Data under study START
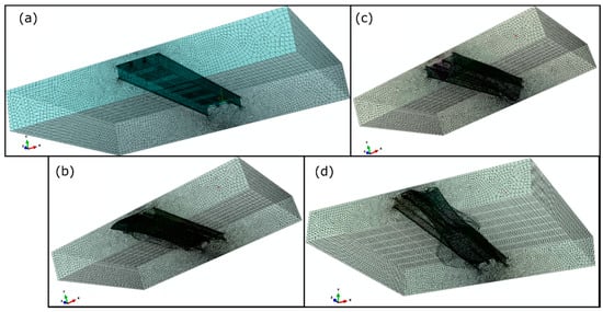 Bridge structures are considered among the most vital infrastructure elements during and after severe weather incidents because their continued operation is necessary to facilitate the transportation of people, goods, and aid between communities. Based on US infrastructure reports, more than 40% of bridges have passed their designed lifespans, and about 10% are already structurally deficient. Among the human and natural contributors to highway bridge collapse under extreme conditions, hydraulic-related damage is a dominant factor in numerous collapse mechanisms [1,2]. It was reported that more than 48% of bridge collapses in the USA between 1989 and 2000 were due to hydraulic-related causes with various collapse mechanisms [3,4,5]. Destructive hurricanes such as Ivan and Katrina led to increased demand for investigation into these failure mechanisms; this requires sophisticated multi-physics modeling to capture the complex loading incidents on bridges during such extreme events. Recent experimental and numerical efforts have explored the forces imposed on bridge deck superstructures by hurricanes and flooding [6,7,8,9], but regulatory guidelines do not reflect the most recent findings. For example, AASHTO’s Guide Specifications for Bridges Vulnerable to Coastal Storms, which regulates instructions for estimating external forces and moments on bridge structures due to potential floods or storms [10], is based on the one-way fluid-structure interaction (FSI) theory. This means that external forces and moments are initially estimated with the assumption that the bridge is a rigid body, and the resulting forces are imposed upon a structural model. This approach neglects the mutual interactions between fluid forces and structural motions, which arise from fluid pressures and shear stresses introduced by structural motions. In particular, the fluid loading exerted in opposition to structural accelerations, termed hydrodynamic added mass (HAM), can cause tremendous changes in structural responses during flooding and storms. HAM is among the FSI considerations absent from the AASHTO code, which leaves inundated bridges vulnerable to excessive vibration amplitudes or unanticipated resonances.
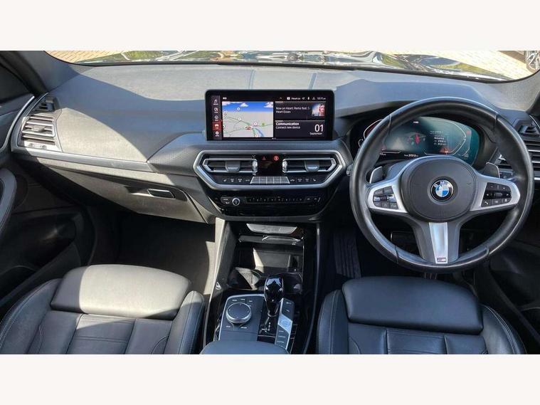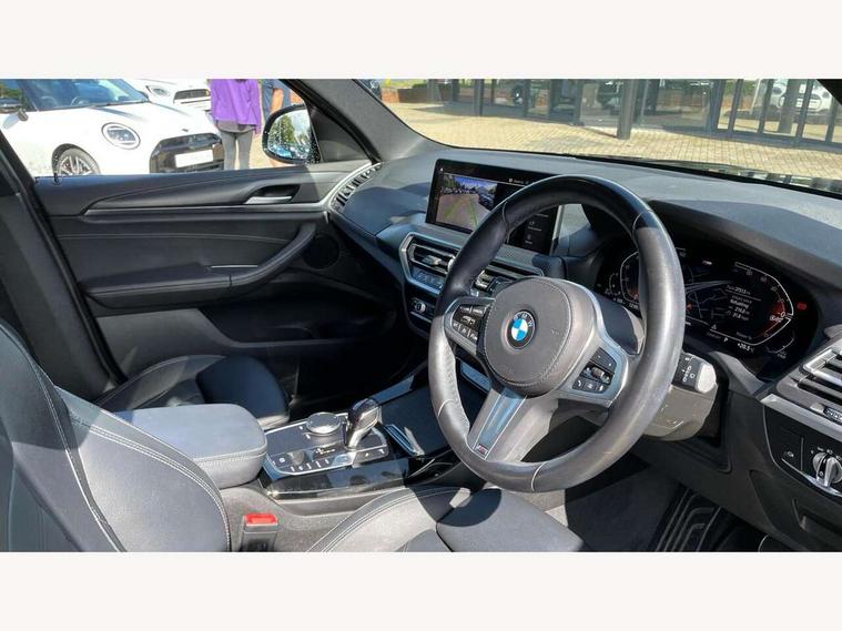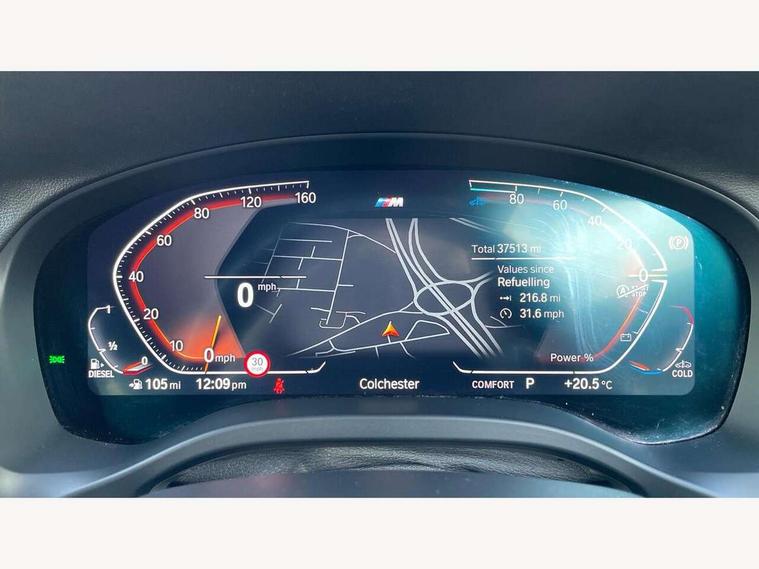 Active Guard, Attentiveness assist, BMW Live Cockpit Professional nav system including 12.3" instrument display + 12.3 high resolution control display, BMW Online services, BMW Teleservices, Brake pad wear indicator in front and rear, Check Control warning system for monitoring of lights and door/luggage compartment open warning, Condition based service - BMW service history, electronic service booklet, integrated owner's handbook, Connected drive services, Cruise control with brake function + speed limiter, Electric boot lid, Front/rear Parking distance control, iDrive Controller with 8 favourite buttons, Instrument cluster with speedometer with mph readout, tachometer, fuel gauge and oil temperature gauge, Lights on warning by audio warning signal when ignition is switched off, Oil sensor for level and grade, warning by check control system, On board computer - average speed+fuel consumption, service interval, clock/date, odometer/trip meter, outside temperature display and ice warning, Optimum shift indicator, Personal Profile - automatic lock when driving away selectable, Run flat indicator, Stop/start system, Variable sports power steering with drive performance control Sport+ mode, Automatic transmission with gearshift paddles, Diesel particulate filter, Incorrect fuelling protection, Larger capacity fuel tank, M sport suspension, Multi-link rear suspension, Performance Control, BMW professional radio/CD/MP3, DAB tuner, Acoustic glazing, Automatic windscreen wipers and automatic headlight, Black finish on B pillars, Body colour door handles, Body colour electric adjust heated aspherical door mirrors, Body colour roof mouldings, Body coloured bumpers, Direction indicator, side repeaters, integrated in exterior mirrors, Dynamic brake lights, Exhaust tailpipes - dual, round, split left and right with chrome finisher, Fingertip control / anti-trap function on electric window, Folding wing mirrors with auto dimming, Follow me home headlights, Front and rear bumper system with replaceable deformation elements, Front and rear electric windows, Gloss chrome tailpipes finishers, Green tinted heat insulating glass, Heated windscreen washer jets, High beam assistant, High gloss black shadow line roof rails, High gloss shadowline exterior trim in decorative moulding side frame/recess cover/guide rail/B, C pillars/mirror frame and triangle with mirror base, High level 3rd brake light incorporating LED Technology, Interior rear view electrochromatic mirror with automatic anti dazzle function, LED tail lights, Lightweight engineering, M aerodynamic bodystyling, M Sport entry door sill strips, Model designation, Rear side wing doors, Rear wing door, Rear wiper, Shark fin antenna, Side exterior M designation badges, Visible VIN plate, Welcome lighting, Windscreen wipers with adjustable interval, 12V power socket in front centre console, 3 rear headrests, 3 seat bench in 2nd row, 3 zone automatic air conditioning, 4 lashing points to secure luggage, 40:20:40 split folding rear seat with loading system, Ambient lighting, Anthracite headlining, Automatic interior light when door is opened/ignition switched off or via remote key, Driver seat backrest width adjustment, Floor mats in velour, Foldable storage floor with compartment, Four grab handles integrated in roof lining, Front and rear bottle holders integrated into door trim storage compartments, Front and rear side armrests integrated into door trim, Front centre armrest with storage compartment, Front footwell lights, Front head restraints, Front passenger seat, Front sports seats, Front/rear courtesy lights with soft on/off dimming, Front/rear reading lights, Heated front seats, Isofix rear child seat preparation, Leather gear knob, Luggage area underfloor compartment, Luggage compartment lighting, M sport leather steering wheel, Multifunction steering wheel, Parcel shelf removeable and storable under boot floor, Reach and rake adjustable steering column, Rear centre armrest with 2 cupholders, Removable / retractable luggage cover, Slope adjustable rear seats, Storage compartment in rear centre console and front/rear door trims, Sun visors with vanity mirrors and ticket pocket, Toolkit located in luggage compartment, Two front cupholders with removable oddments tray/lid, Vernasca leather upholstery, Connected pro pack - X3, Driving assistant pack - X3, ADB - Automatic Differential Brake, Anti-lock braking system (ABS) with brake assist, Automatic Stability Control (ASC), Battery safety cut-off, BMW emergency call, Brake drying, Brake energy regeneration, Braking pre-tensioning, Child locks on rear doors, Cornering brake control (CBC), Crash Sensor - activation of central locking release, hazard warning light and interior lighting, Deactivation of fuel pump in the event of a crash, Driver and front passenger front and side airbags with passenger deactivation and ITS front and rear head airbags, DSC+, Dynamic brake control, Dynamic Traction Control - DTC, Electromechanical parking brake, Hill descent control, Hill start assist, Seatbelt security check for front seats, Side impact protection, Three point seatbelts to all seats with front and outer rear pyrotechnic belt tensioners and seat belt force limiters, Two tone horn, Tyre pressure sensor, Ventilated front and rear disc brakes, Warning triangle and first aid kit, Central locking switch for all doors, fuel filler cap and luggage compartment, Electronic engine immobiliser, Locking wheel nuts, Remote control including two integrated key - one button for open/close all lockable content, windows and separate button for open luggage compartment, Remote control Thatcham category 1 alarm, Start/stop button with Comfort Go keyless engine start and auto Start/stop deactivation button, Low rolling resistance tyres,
Data under study END
Data under study START
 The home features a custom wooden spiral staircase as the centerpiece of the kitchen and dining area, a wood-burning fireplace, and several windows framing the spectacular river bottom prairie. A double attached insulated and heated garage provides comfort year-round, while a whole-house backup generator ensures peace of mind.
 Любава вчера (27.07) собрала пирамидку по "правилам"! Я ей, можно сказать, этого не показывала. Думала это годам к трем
Data under study END
Data under study START
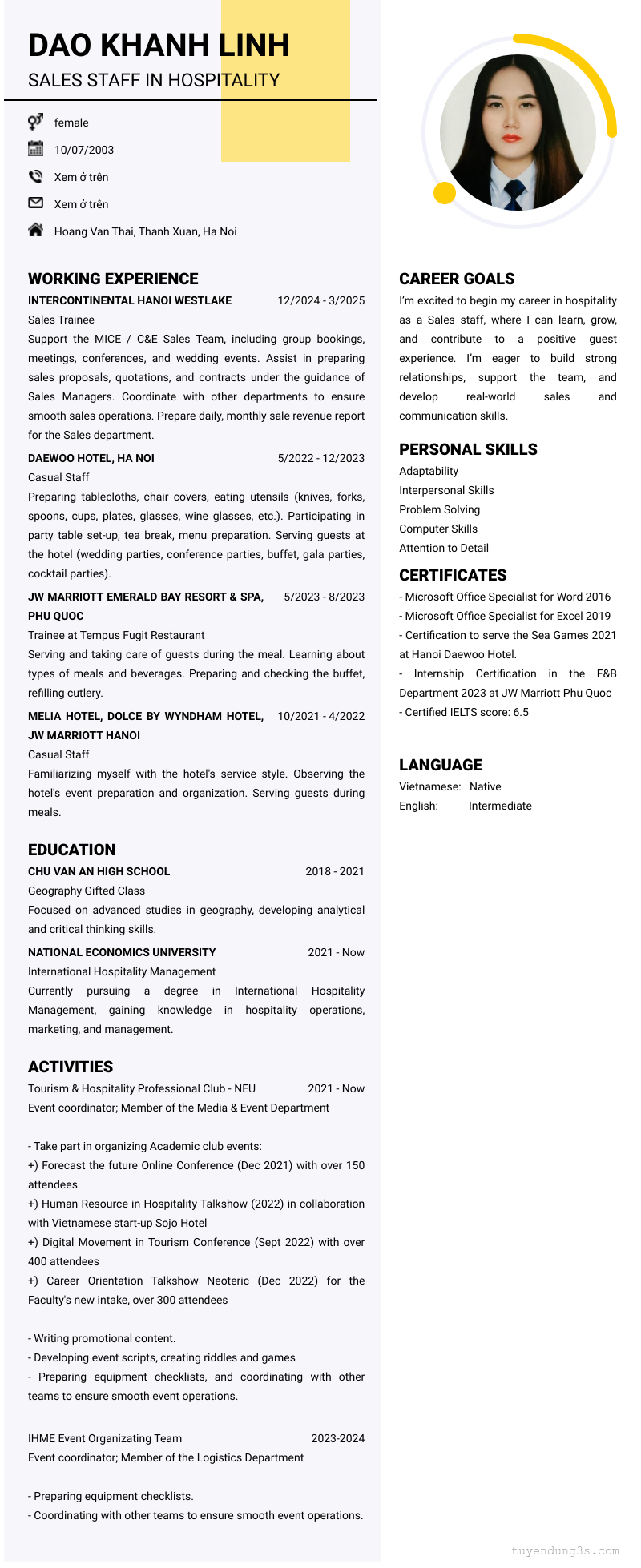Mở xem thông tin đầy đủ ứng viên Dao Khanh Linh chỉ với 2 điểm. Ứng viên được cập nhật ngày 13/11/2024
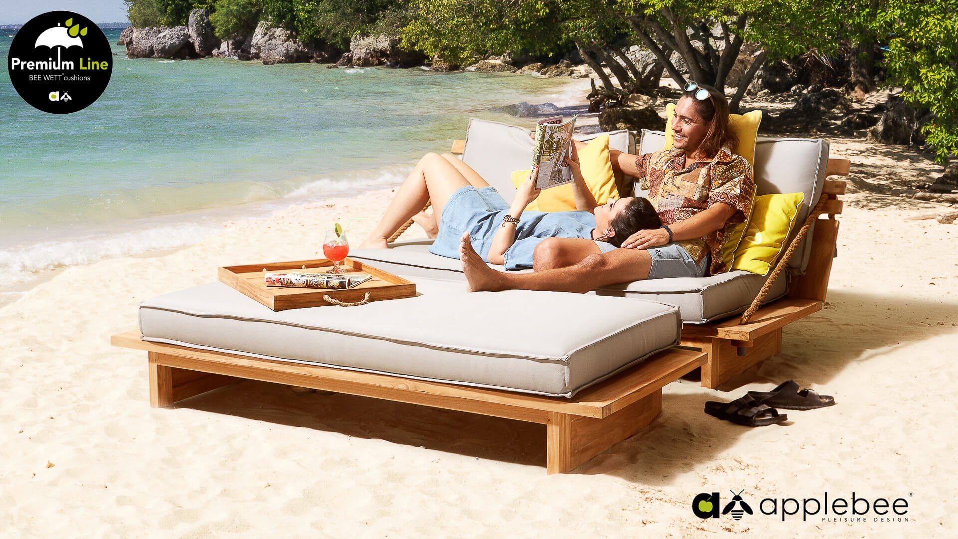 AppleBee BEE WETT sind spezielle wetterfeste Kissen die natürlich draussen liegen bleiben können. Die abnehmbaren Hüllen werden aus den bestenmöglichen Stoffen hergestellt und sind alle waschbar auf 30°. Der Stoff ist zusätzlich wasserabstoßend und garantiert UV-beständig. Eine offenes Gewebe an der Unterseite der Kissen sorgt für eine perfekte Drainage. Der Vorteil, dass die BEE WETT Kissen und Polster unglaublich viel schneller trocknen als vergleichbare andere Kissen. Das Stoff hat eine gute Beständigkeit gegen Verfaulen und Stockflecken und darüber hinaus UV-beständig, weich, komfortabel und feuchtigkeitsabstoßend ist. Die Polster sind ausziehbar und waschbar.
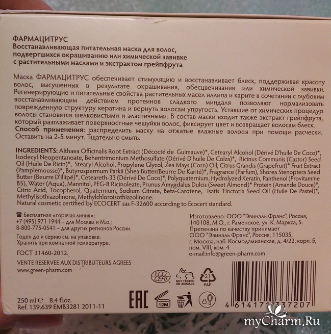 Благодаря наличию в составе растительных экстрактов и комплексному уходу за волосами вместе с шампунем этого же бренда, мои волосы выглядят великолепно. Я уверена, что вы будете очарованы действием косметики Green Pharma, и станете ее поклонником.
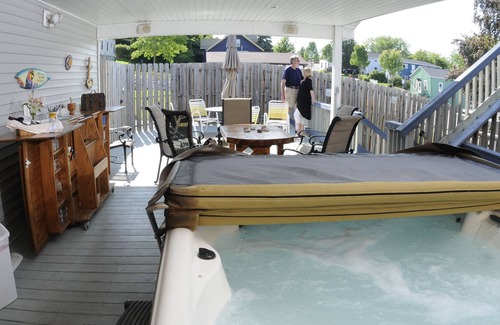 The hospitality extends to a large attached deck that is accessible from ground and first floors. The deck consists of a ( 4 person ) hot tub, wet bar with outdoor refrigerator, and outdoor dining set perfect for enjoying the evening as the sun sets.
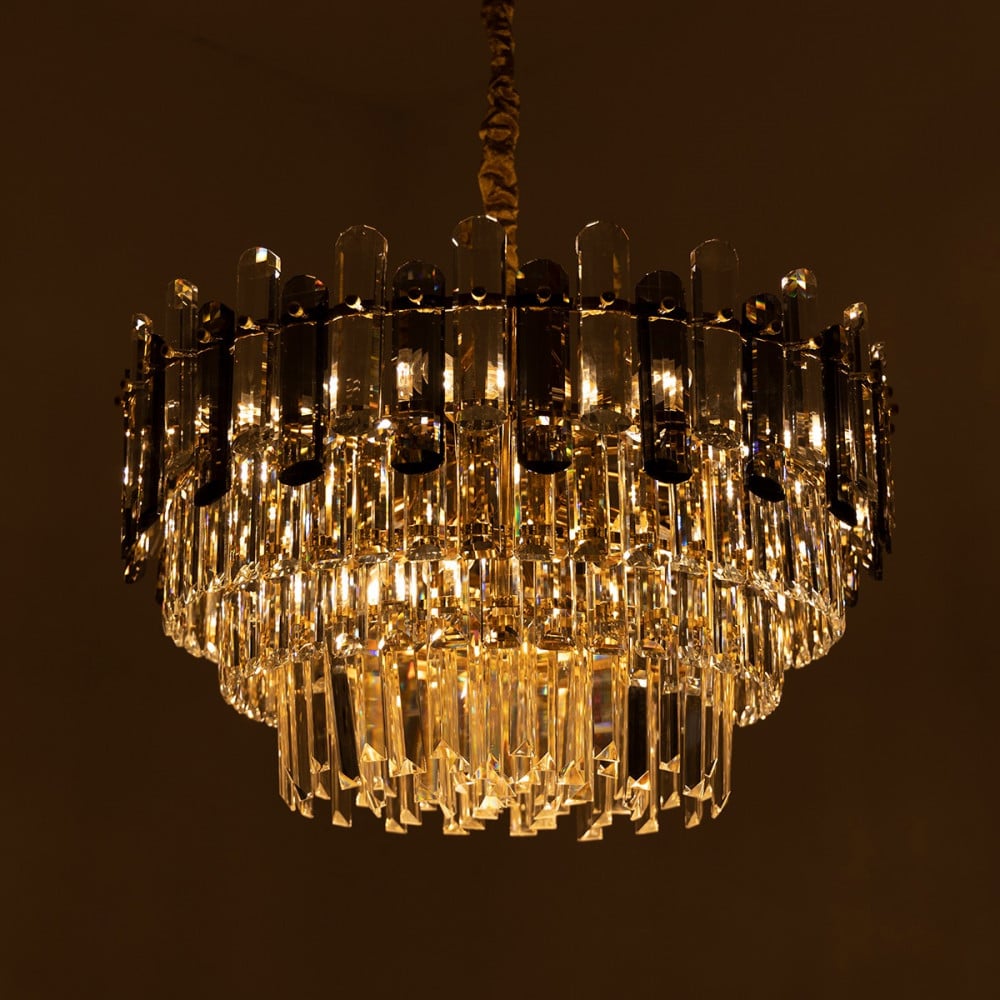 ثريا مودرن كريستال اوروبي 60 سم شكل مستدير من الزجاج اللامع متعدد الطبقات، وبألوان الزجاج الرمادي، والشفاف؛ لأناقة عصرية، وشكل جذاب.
Data under study END
Task directions
In the listing above, find the line containing "Благодаря наличию в" and the line containing "ثريا مودرن كريستال". Reproduce those lines and all between them exactly, with no pictures and nothing more.

Solution below
 Благодаря наличию в составе растительных экстрактов и комплексному уходу за волосами вместе с шампунем этого же бренда, мои волосы выглядят великолепно. Я уверена, что вы будете очарованы действием косметики Green Pharma, и станете ее поклонником.
 The hospitality extends to a large attached deck that is accessible from ground and first floors. The deck consists of a ( 4 person ) hot tub, wet bar with outdoor refrigerator, and outdoor dining set perfect for enjoying the evening as the sun sets.
 ثريا مودرن كريستال اوروبي 60 سم شكل مستدير من الزجاج اللامع متعدد الطبقات، وبألوان الزجاج الرمادي، والشفاف؛ لأناقة عصرية، وشكل جذاب.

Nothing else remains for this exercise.